"Large vs Small Caps: Yield Curve Flattens in Week 51"

Finance Published: June 14, 2013
DIAAGG

Weekly Market Portrait: US Markets in Week 51

As the year wound down, markets were largely tranquil during the final week of December 2012. However, a deeper examination reveals notable market dynamics that offer insights into portfolio management. This Week 51 snapshot provides valuable perspectives for investors.

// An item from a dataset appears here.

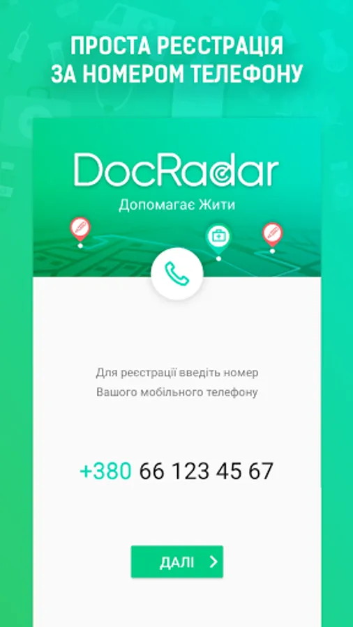 DocRadar is a program that helps healthcare professionals and clients find each other in minutes. You can be at home, at work, visiting, moving around the city, knowing that at any time of day next to you are professionals ready to provide any qualified, including free - emergency care. With DocRadar you can order the help of a specialist with one touch and pay for it with a bank card or cash in these cities and countries.

Large Caps vs. Small Caps: A Tale of Two Markets

In Week 51, large cap stocks outperformed their small-cap counterparts. The S&P 500 returned an impressive 23.47% in 2012, while the Russell 2000 lagged behind with a return of 16.18%. Several factors contributed to this divergence:

Market capitalization: Large caps often exhibit stable earnings and dividends, making them attractive during volatile market conditions. Conversely, small caps offer growth potential but may be riskier due to their size and liquidity.

Sector exposure: Large caps tend to have greater exposure to defensive sectors like healthcare and consumer staples, which performed well in 2012. Small caps are often more cyclical, tied closely to economic growth.

Bonds: The Flattening Yield Curve

Bond markets also experienced trends during Week 51, with the yield curve flattening as long-term Treasury yields fell relative to shorter-term rates. This phenomenon is often associated with impending economic slowing or recession due to:

Monetary policy: When central banks engage in quantitative easing, they buy longer-dated bonds, driving down their yields and causing the yield curve to flatten.

Inflation expectations: A flat yield curve suggests investors expect low inflation ahead, which can signal an impending slowdown in economic growth.

Portfolio Implications: Navigating C, DIA, AGG

Considering these dynamics, let's evaluate how they might impact three popular ETFs:

- C (Vanguard Total Market ETF): Offering broad exposure to US markets with a large-cap tilt, C may benefit from continued outperformance of large caps over small caps. - DIA (Dow Jones Industrial Average Index Shares): Tracking the 30 largest US companies, DIA reflects large cap strength but with a more concentrated portfolio.

Risks and opportunities: - Risk: A rotation from large caps to small caps or a steepening yield curve could hurt C and DIA while benefiting AGG. - Opportunity: Large cap outperformance may continue, favoring C and DIA. Low bond yields make AGG attractive for income-oriented investors.

Scenario planning: - Conservative: Reduce exposure to long-term bonds like AGG and consider short-term bond funds or cash equivalents. - Moderate: Maintain a balanced portfolio with core holdings in C and DIA, supplemented by sector-specific ETFs. - Aggressive: Allocate more to small caps, considering funds that track indices like the Russell 2000.